*** MATERIAL PROVIDED ***
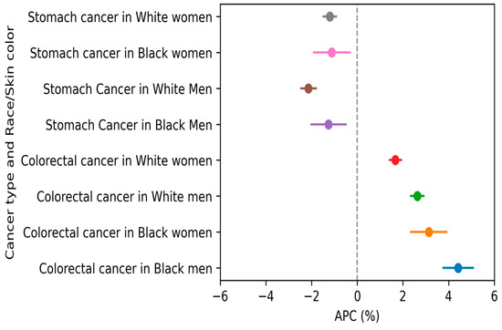 Annual Percent Change (APC) and its lower and upper limits for stomach and colorectal cancer in men by race/skin color in Brazil (2000 to 2023), estimated using Prais–Winsten regression.
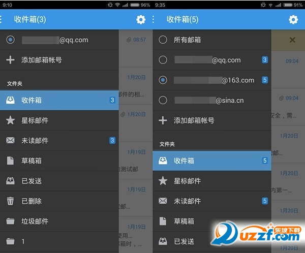 有的用户可能有多个不同的邮箱,在用手机管理这些邮箱中的邮件时可能会有些麻烦,有时要下载两个不同的邮箱APP才能同时管理。而360加密邮另一个优势在于它可以添加多种邮箱,并对可以这些邮箱中的邮件实现同时管理。
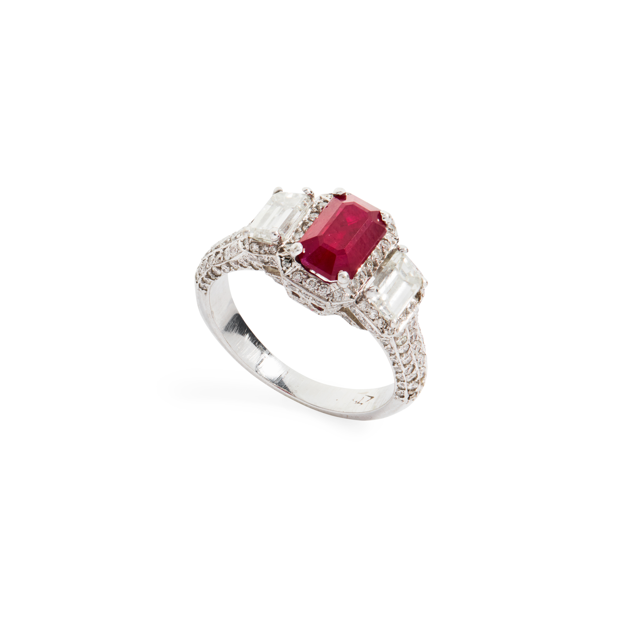 Claw-set with a rectangular step-cut ruby and two diamonds, each in a border of round brilliant-cut diamonds, shoulders and gallery are similarly set, plain band, indistinctly marked
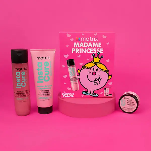 A chacun son Monsieur Madame ! Laissez-vous séduire par l'un des 4 coffrets trio Matrix & Monsieur Madame, disponibles en exclusivité dans vos salons de coiffure. Une occasion unique d'offrir ou de s'offrir une routine de soin professionnel infusée de la bonne humeur des célèbres personnages Monsieur Madame.
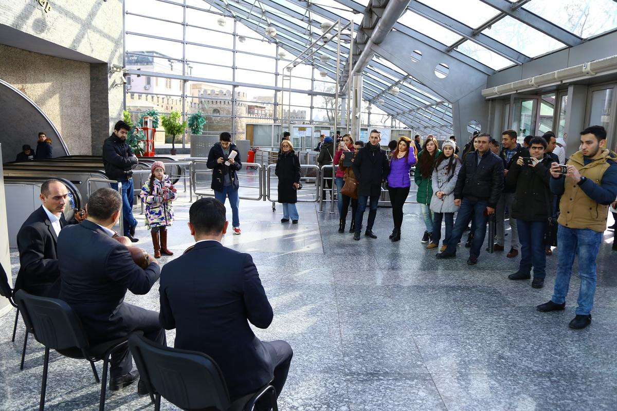 Metroya giren ve yürüyen merdivenlerle metrodan çıkan bazı Bakülüler müzik gösterisi karşısında şaşkınlık yaşarken, bazı vatandaşlar da gösteriyi cep telefonlarına kaydetti. Yerli ve yabancı başka bestecilerin de eserlerini seslendiren müzisyenler, yolculardan büyük alkış aldı.
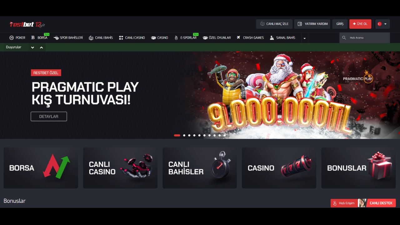 Peki, Restbet nedir? ne işe yarar? Restbet, üyelerine geniş bahis bölümleriyle hizmet sağlar. En iyi canlı bahis, casino, slot ve poker oyunlarından oluşur. Yüksek oranlar ve çok kolay kullanım özellikleri ile hizmetlerini yürütür. Spor bahisleri dışında casino ve canlı oyun seçenekleri de bulunmaktadır.
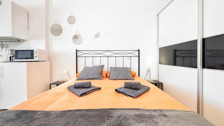 Die Unterkunft bietet eine Ferienwohnung mit Klimaanlage, die über ein Schlafzimmer, einen Satelliten Flachbild-TV, einen Essbereich sowie eine Küchenzeile mit Kühlschrank und Mikrowelle verfügt.
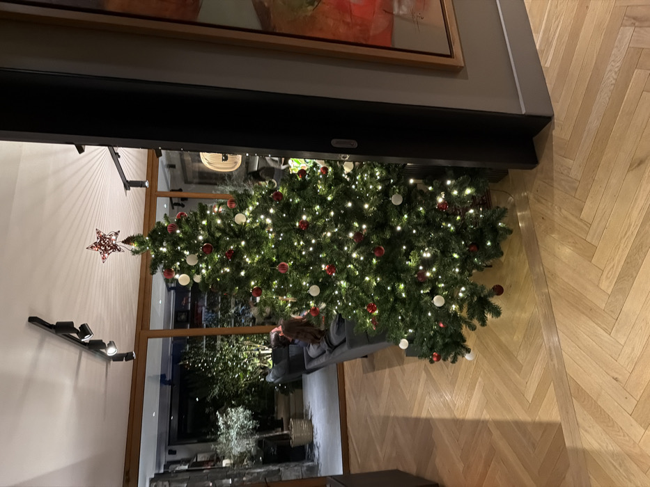 A decorated Christmas tree fills the frame, seen through an open doorway or window. The tree is adorned with white and red ornaments and twinkling lights. Beyond the tree, a glimpse into another room shows more greenery and a seating area. A star-shaped decoration hangs on the wall, illuminated by track lighting. The scene suggests a cozy, festive holiday setting. The floor has a herringbone pattern of light-colored wood. An abstract painting hangs on the wall.
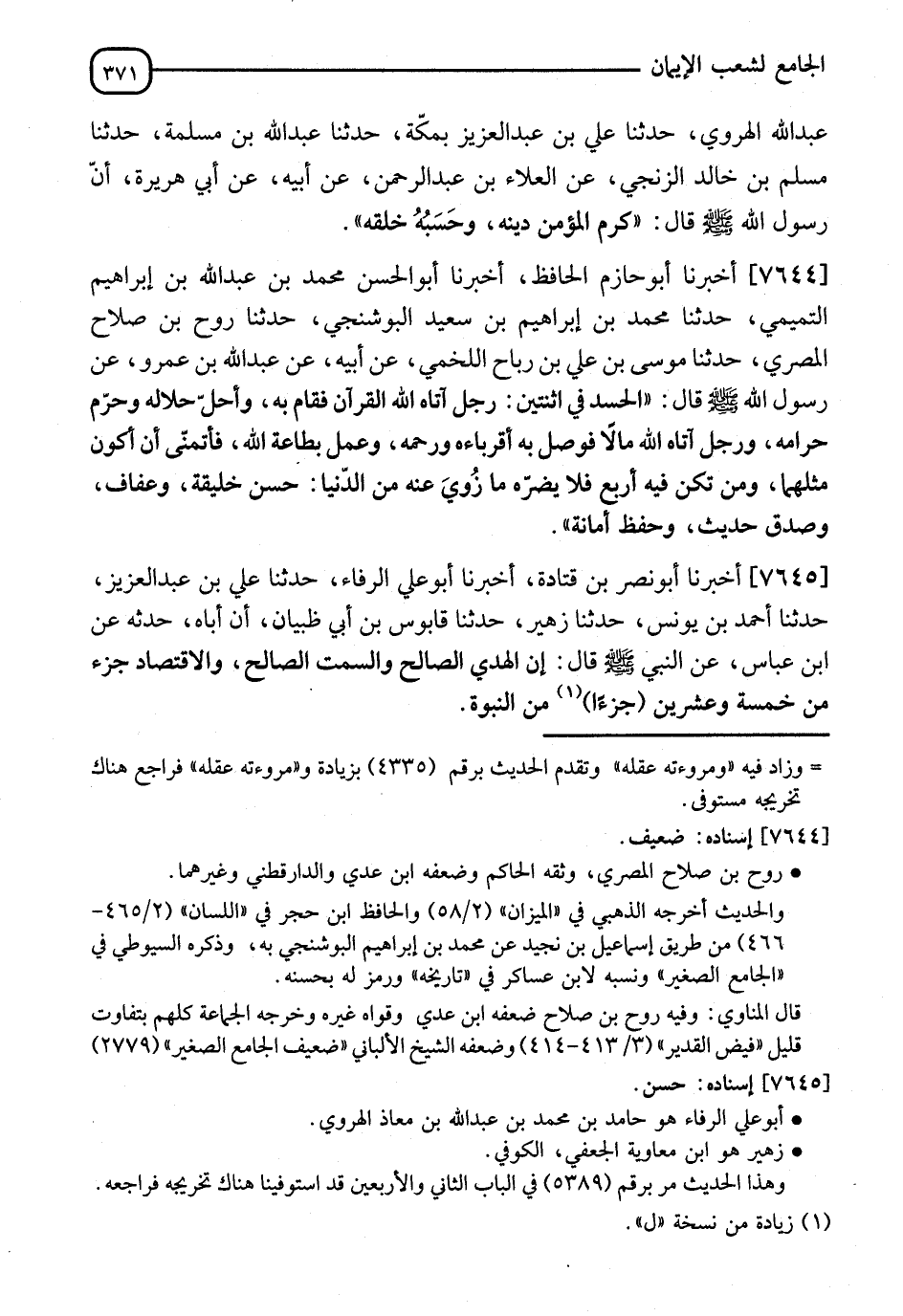 7644 - أَخْبَرَنَا أَبُو حَازِمٍ الْحَافِظُ، أنا أَبُو الْحَسَنِ مُحَمَّدُ بْنُ عَبْدِ اللهِ بْنِ إِبْرَاهِيمَ التَّمِيمِيُّ، نا مُحَمَّدُ بْنُ إِبْرَاهِيمَ بْنِ سَعِيدٍ الْبُوشَنْجِيُّ، نا رَوْحُ بْنُ صَلَاحٍ الْمِصْرِيُّ، نا مُوسَى بْنُ عَلِيِّ بْنِ رَبَاحٍ اللَّخْمِيُّ، عَنْ أَبِيهِ، عَنْ عَبْدِ اللهِ بْنِ عَمْرٍو، عَنْ رَسُولِ اللهِ صَلَّى اللَّهُ عَلَيْهِ وَسَلَّمَ قَالَ: " §الْحَسَدُ فِي اثْنَتَيْنِ: رَجُلٍ آتَاهُ اللهُ الْقُرْآنَ فَقَامَ بِهِ، وَأَحَلَّ حَلَالَهُ، وَحَرَّمَ حَرَامَهُ، وَرَجُلٍ آتَاهُ اللهُ مَالًا فَوَصَلَ بِهِ أَقْرِبَاءَهُ وَرَحِمَهُ، وَعَمَلَ بِطَاعَةِ اللهِ، فَيَتَمَنَّى أَنْ يَكُونَ مِثْلَهُمَا، وَمَنْ يَكُنْ فِيهِ أَرْبَعٌ فَلَا يَضُرُّهُ مَا زُوِيَ عَنْهُ مِنَ الدُّنْيَا: حُسْنُ خَلِيقَةٍ، وَعَفَافٌ، وَصِدْقُ حَدِيثٍ، وَحِفْظُ أَمَانَةٍ "
*** End of MATERIAL PROVIDED ***
* _TASK PROMPT_
All lines above starting at the one with "有的用户可能有多个不同的邮箱" and ending at the one with "A chacun son", inclusive, are to be printed again exactly, with the pictures left out.

* _SOLUTION TO THIS PROBLEM_
 有的用户可能有多个不同的邮箱,在用手机管理这些邮箱中的邮件时可能会有些麻烦,有时要下载两个不同的邮箱APP才能同时管理。而360加密邮另一个优势在于它可以添加多种邮箱,并对可以这些邮箱中的邮件实现同时管理。
 Claw-set with a rectangular step-cut ruby and two diamonds, each in a border of round brilliant-cut diamonds, shoulders and gallery are similarly set, plain band, indistinctly marked
 A chacun son Monsieur Madame ! Laissez-vous séduire par l'un des 4 coffrets trio Matrix & Monsieur Madame, disponibles en exclusivité dans vos salons de coiffure. Une occasion unique d'offrir ou de s'offrir une routine de soin professionnel infusée de la bonne humeur des célèbres personnages Monsieur Madame.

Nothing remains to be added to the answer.